▶

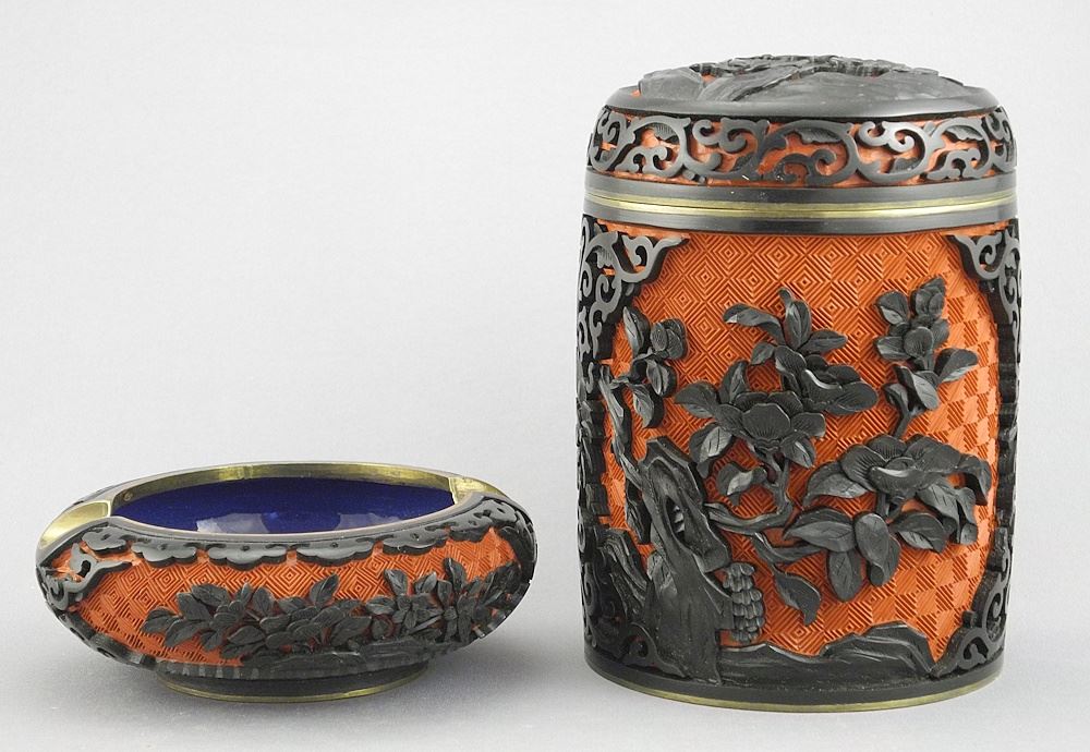 Chinese Carved Cinnabar Cigarette Box (5"h) & Ashtray with Box.
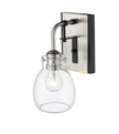 Designed with dual-tone hues, this one-light wall sconce marries matte black and brushed nickel hues. A clear glass shade is full of elegant details, creating a bright glow.
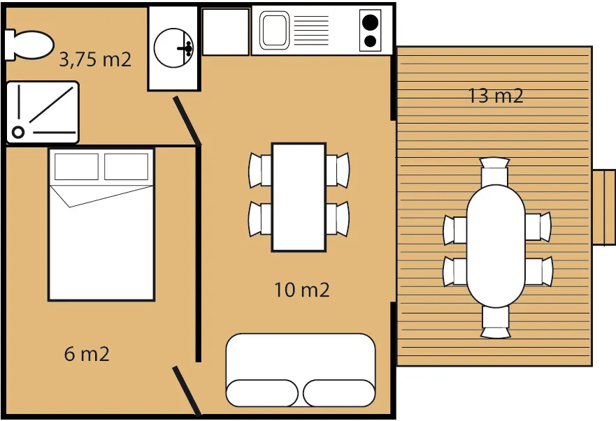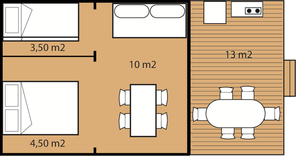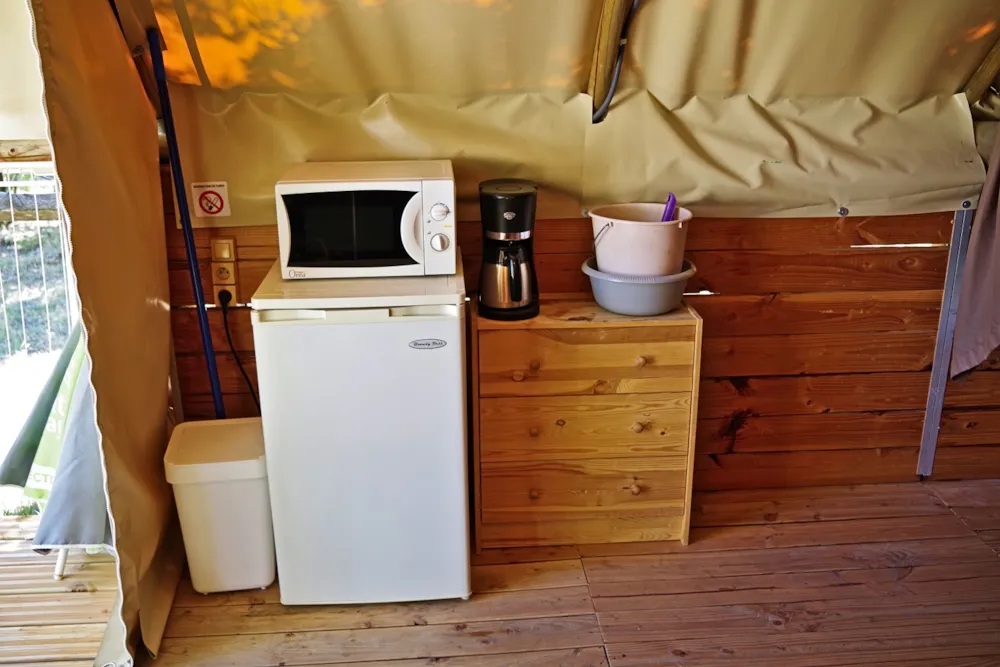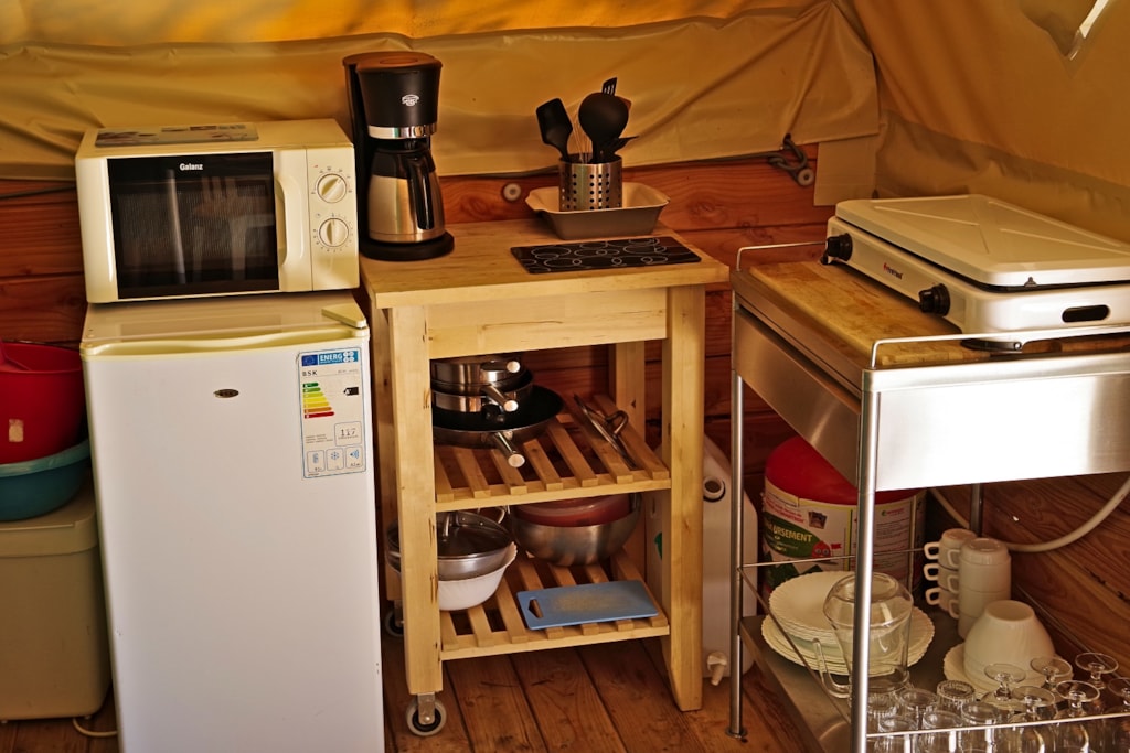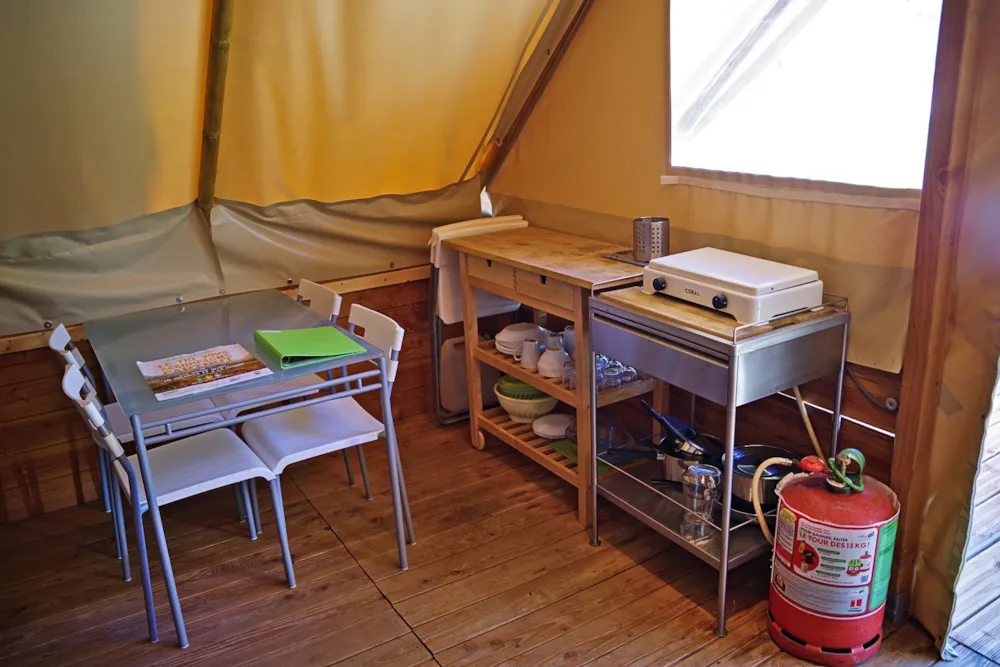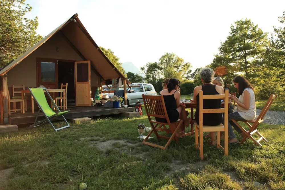Produit novateur et écologique, nos tentes semi-rigides sont un excellent compromis entre le chalet tout équipé et la tente traditionnelle. Elles offrent un certain confort tout en recréant l’atmosphère simple et proche de la nature du camping. Ces tentes proposent un petit séjour avec coin cuisine ainsi qu’un belle terrasse en bois.

◀

Work to complete:
Output the data above exactly, beginning at its first line and ending with the line that holds "Designed with dual-tone". Leave out the pictures and add nothing.

Your response:
 Chinese Carved Cinnabar Cigarette Box (5"h) & Ashtray with Box.
 Designed with dual-tone hues, this one-light wall sconce marries matte black and brushed nickel hues. A clear glass shade is full of elegant details, creating a bright glow.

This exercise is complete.